> [Problem statement]: A word-for-word copy is needed of the line containing "約100種10万株の菖蒲が紫" and every line after it through the end of the records below, leaving out all pictures.

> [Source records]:
.....

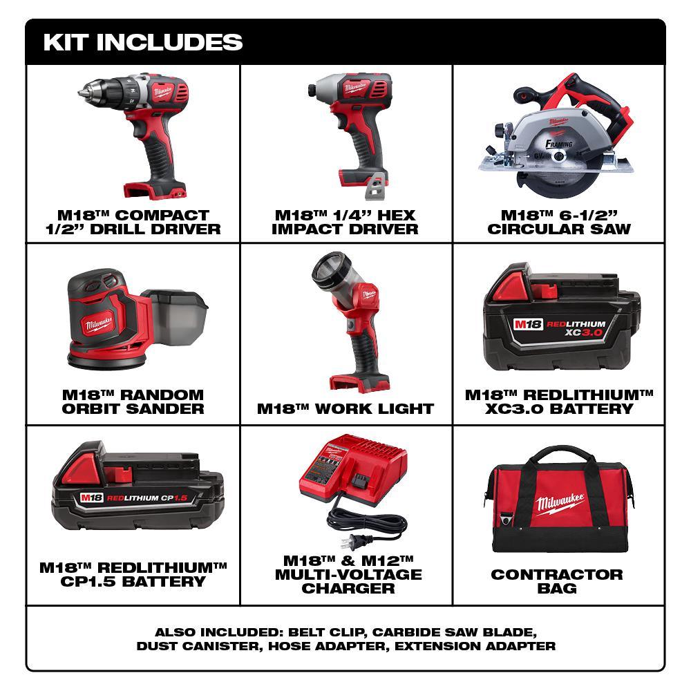 - Includes: 1 M18 drill/driver, 1 M18 Impact driver, 1 M18 6-1/2 in. circular saw, 1 M18 random orbit sander, 1 M18 LED flashlight, 1 M18 REDLITHIUM XC 3.0 Ah battery, 1 M18 REDLITHIUM compact battery, 1 M18/M12 multi-voltage charger, 1-contractor bag
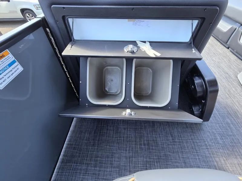- Keep your deck tidy with the optional tilt-out trash can insert, for a clutter-free space. Additional insert options include dog bowls, drawer units, a folding table or integrated tackle storage units.
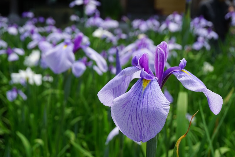 約100種10万株の菖蒲が紫や白の優美な花を咲かせ、境内を彩ります。また、期間中は夜9時まで、ライトアップされた社殿と菖蒲の幻想的な世界を楽しめます。
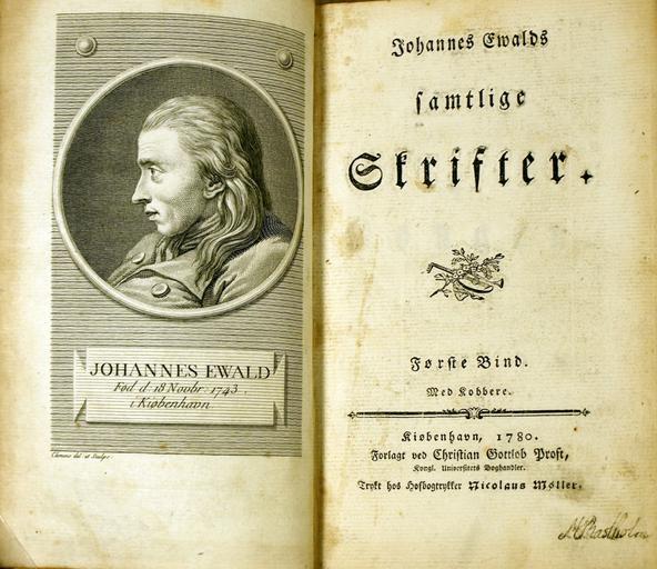 Keywords: Johannes Ewalds samtlige skrivter.jpg en Johannes Ewalds Samtlige Skrivter bind 1 fra 1780 Photo from the book of the same name Saddhiyama 26th of August 2008 Expired copyright PD-Art Johannes Ewald Books from Denmark
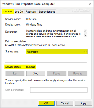 Step 3: Now, if your laptop is displaying the incorrect time, you will see that the service status is set to Stopped. If so, you will see a Start button below this. Click on the button to restart the Windows time service. Again, there will be a few pop-ups, just click OK or Apply to proceed.
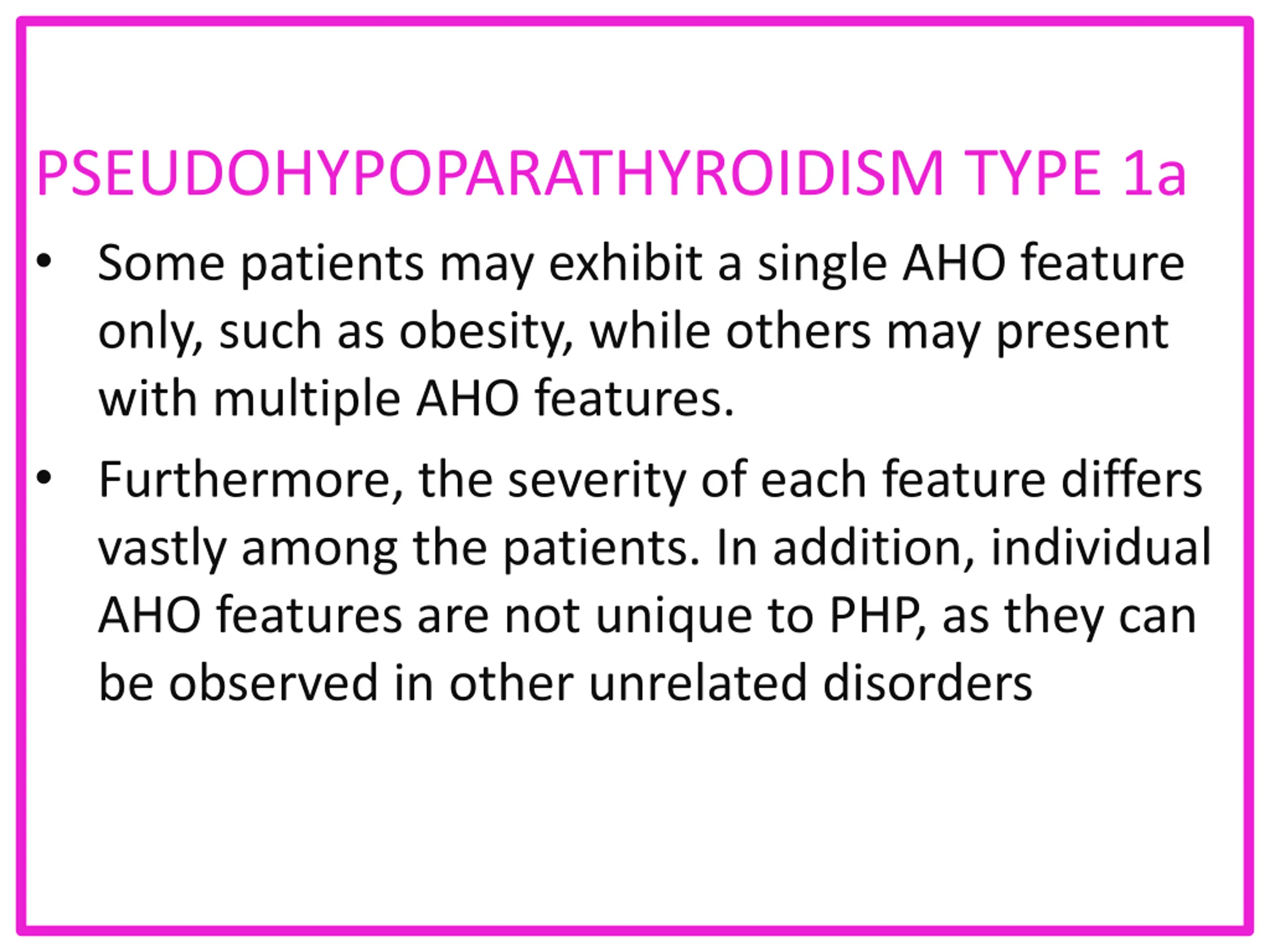 PSEUDOHYPOPARATHYROIDISM TYPE 1a Some patients may exhibit a single AHO feature only, such as obesity, while others may present with multiple AHO features. Furthermore, the severity of each feature differs vastly among the patients. In addition, individual AHO features are not unique to PHP, as they can be observed in other unrelated disorders

.....

> [Your response]:
 約100種10万株の菖蒲が紫や白の優美な花を咲かせ、境内を彩ります。また、期間中は夜9時まで、ライトアップされた社殿と菖蒲の幻想的な世界を楽しめます。
 Keywords: Johannes Ewalds samtlige skrivter.jpg en Johannes Ewalds Samtlige Skrivter bind 1 fra 1780 Photo from the book of the same name Saddhiyama 26th of August 2008 Expired copyright PD-Art Johannes Ewald Books from Denmark
 Step 3: Now, if your laptop is displaying the incorrect time, you will see that the service status is set to Stopped. If so, you will see a Start button below this. Click on the button to restart the Windows time service. Again, there will be a few pop-ups, just click OK or Apply to proceed.
 PSEUDOHYPOPARATHYROIDISM TYPE 1a Some patients may exhibit a single AHO feature only, such as obesity, while others may present with multiple AHO features. Furthermore, the severity of each feature differs vastly among the patients. In addition, individual AHO features are not unique to PHP, as they can be observed in other unrelated disorders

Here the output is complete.